Pauvre Mathilde (Lilou)
la voiture s’enfonça lentement dans l’eau…
Une demi heure avant :
La journée avait mal commencé ; d’abord le réveil avait pris la liberté de sonner avec une heure de retard et il avait atterri en morceaux sur la carpette. Puis Mathilde avait dû se contenter d’avaler un breuvage brun, froid et amer, qui portait par erreur le nom de café, accompagné d’un vilain quignon de pain rassis. Evidemment du liquide, la moitié fut renversée sur le courrier qu’elle n’avait pas pris le temps d’ouvrir.

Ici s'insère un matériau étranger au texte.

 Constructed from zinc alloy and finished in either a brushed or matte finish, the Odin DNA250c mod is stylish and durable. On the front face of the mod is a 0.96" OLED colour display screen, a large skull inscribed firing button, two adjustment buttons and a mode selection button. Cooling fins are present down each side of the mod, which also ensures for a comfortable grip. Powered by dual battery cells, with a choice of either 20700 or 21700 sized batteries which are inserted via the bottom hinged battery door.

Depuis quand n’avait-elle pas eu une vraie nuit de sommeil…une vraie avec un oreiller douillet sous sa tête ? Elle avait enchaîné garde sur garde puis encore des gardes ; manque d’effectifs ! Son téléphone de service la sortit de son humeur chagrine et elle répondit mollement à son collègue Guillaume. Elle grimaça ; elle devait se rendre dare-dare au château du Comte Jérôme La Trémouille du Schmoll, victime dans la nuit d’un important cambriolage.

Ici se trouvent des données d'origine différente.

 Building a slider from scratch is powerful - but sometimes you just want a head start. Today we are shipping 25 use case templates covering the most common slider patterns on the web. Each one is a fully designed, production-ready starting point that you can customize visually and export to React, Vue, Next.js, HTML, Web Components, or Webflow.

Machinalement, elle attrapa les clefs de la Citroën 007 de service et maudissant le GPS qui bien sûr ne fonctionnait pas elle démarra en cahotant. Après des errements et quelques erreurs d’itinéraires, elle rejoignit Guillaume, qui sur place depuis deux heures, inventoriait les objets volés. Outre quelques diamants et émeraudes, on comptait des tableaux célèbres : deux Picasso, un Dali, un Pollock, un Manet, un Renoir et même une tenture ancienne au point compté. Mathilde, étouffa un bâillement en pensant que c’étaient beaucoup d’histoires et de billevesées pour des petits cailloux brillants et de vulgaires copies. Un café, un vrai, aurait été le bienvenu. Soudain elle sursauta : une tenture ! Non une tapisserie de la reine Mathilde, un ouvrage prêté par le musée de Bayeux ! Un cadeau de la Reine à son mari Guillaume le Conquérant, une valeur inestimable…
Porter le prénom d’une reine valait bien un effort ! Elle oublia le café et se concentra sur l’enquête, rassembla les témoignages et ne négligea aucune piste. Au bout d’une heure, laissant la police scientifique finir son examen, les deux collègues montèrent chacun dans leur Citroën de service. Mathilde, partie la première, s’engagea sur la route qui longeait le lac. Elle récapitulait tous les éléments de cette nouvelle enquête quand, d’un petit chemin de terre, déboucha un coupé cabriolet rutilant. Au volant, Arsène Lupin lui fit un petit signe amical ; trop fort c’était trop fort ! Elle avait le coupable à portée de main. Alors sans tenir compte du danger, elle fit un demi tour digne de Fangio mais hélas elle dérapa, fit une embardée et…
Mais ça c’était hier, fallait-il y voir un signe du destin ?
se disait Mathilde engoncée dans les plumes de sa couette fleurie de petites violettes. Elle éternua plusieurs fois et toussa fortement ; une main douce, Guillaume ou Olivier ?, lui tendit un mouchoir parfumé à l’eucalyptus et lui fit boire une cuillerée de sirop pour calmer ses quintes de toux. Peu à peu, Mathilde sombra dans un sommeil léger puis fut emportée dans ses souvenirs.